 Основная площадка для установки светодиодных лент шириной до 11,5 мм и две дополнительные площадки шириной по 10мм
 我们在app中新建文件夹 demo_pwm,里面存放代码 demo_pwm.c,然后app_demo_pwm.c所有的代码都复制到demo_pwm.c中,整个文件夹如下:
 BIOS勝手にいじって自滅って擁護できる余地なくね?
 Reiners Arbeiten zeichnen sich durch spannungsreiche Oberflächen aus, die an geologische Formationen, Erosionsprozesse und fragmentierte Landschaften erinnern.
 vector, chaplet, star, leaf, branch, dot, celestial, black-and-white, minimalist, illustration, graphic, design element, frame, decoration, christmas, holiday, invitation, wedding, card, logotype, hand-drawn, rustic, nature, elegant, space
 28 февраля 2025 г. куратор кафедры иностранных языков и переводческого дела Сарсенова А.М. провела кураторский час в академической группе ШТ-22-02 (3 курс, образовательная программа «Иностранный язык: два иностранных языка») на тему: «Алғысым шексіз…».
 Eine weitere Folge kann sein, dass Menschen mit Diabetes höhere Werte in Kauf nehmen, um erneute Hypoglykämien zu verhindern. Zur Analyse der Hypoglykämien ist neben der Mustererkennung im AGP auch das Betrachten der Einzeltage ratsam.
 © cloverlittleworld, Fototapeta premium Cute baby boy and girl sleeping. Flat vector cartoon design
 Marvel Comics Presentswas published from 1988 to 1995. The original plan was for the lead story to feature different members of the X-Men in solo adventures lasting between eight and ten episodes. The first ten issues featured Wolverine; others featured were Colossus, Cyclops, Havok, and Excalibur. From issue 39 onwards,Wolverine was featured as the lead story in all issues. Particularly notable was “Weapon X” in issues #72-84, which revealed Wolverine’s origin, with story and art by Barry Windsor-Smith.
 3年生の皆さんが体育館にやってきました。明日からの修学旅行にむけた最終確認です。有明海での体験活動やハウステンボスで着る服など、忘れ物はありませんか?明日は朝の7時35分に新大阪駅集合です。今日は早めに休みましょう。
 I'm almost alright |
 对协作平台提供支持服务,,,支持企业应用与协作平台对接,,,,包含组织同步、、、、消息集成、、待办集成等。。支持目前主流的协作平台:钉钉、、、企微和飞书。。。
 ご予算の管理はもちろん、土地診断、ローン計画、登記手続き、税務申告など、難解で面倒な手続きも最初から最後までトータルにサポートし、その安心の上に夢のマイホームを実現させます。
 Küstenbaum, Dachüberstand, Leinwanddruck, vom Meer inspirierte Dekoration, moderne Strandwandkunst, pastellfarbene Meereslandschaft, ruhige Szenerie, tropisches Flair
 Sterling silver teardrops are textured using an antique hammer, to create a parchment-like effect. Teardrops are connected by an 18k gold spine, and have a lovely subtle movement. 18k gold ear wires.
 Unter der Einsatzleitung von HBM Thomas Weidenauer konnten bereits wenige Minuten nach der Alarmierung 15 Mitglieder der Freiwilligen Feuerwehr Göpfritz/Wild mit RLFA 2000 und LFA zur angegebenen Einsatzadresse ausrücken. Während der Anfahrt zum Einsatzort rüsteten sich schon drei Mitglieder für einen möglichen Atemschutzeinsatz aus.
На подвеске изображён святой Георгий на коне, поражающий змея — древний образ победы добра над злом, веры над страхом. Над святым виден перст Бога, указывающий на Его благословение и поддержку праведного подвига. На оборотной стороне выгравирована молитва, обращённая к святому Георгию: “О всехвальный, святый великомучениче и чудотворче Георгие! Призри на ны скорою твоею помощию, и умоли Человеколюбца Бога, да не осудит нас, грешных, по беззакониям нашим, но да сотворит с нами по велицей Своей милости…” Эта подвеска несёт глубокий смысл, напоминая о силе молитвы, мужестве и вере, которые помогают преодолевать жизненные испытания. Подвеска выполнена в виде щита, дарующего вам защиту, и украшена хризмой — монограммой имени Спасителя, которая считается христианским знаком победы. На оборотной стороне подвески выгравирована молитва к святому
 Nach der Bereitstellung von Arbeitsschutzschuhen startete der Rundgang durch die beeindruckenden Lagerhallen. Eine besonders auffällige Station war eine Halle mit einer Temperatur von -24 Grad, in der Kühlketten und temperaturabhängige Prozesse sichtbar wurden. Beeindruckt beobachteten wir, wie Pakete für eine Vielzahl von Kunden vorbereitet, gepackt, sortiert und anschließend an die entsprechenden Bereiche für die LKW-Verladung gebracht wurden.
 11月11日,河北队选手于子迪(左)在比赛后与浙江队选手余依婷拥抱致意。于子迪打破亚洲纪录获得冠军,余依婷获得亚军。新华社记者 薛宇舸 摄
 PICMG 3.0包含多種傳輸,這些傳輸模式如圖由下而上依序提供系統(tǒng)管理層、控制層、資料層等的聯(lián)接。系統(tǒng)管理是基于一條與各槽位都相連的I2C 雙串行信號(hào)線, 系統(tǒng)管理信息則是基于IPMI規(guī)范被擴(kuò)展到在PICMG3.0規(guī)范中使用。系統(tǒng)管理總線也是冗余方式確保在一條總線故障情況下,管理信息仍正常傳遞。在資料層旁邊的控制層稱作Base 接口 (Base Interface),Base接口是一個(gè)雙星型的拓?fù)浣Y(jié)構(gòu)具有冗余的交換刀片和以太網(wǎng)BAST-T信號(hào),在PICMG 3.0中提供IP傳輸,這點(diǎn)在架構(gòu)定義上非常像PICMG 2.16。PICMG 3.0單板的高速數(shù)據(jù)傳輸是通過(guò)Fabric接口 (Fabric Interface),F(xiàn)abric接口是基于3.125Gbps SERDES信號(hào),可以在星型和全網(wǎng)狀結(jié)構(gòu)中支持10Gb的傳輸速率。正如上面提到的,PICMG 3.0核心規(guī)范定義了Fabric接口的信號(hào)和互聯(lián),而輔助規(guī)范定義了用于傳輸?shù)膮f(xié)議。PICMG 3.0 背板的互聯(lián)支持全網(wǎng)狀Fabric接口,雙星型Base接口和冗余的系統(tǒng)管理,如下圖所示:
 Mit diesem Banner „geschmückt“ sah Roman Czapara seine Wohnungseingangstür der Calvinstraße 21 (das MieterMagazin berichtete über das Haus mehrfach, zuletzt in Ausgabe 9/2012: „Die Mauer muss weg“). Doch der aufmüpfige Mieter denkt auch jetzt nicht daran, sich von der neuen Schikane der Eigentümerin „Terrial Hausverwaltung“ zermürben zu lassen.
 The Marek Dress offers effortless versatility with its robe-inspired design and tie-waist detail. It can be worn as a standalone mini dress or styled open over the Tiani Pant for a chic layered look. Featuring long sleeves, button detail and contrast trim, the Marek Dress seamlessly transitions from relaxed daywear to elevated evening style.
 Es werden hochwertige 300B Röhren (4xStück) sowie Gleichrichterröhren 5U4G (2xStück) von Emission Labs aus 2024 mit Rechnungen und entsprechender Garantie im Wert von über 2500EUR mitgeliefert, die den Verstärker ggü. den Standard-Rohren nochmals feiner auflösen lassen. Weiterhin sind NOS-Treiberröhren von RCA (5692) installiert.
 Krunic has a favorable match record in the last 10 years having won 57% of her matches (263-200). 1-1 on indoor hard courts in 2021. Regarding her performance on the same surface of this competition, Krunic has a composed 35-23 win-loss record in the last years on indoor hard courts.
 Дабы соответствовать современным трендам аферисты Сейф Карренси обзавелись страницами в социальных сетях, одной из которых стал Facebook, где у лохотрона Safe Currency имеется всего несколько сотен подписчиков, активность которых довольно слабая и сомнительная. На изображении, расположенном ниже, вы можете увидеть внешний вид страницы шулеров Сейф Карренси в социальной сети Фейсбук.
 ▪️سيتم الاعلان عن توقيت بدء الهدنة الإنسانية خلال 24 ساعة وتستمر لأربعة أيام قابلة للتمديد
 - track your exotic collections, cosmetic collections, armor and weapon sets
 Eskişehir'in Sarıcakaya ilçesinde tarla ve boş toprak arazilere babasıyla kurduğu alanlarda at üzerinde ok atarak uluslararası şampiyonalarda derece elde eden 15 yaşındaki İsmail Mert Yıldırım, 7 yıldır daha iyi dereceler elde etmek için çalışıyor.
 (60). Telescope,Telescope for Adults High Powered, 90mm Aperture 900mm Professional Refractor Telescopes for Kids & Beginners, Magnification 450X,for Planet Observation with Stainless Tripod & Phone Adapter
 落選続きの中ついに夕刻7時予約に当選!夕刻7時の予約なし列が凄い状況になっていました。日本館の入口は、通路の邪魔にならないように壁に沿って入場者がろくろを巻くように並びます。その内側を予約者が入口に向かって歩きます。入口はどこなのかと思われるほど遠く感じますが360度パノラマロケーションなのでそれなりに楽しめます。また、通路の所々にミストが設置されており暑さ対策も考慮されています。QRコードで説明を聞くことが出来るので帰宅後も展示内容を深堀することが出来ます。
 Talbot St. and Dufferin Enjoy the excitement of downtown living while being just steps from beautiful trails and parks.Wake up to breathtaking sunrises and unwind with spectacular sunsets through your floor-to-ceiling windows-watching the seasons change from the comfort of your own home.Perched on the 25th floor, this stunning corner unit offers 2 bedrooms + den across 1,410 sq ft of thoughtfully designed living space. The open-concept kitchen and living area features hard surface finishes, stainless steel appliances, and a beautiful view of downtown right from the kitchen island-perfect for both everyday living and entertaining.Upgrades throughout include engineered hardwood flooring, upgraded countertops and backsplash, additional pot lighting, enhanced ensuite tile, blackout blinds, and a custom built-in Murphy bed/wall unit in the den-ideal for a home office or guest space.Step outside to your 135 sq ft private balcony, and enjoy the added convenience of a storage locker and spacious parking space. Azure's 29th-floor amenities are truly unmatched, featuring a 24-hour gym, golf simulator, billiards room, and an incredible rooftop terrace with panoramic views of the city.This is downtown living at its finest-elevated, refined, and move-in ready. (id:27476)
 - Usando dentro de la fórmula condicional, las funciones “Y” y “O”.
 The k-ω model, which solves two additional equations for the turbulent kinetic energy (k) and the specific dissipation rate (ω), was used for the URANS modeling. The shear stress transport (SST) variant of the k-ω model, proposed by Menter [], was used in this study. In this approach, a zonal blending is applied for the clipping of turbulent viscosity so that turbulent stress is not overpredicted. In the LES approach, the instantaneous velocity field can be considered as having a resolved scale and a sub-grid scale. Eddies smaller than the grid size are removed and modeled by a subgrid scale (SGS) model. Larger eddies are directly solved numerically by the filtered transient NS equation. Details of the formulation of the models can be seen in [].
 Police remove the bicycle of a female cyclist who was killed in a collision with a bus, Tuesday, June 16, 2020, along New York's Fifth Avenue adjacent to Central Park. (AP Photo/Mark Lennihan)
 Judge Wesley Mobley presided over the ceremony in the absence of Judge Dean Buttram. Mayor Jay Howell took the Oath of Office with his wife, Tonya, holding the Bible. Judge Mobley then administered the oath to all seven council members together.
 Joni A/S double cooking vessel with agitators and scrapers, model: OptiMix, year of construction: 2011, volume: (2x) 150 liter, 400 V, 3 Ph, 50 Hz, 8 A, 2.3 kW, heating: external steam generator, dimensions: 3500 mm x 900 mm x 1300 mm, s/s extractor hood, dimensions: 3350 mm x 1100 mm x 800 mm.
++++++++
Problem statement
Return each line of the material above in which the string "durch" appears.

Reply to the task
 Reiners Arbeiten zeichnen sich durch spannungsreiche Oberflächen aus, die an geologische Formationen, Erosionsprozesse und fragmentierte Landschaften erinnern.
 Nach der Bereitstellung von Arbeitsschutzschuhen startete der Rundgang durch die beeindruckenden Lagerhallen. Eine besonders auffällige Station war eine Halle mit einer Temperatur von -24 Grad, in der Kühlketten und temperaturabhängige Prozesse sichtbar wurden. Beeindruckt beobachteten wir, wie Pakete für eine Vielzahl von Kunden vorbereitet, gepackt, sortiert und anschließend an die entsprechenden Bereiche für die LKW-Verladung gebracht wurden.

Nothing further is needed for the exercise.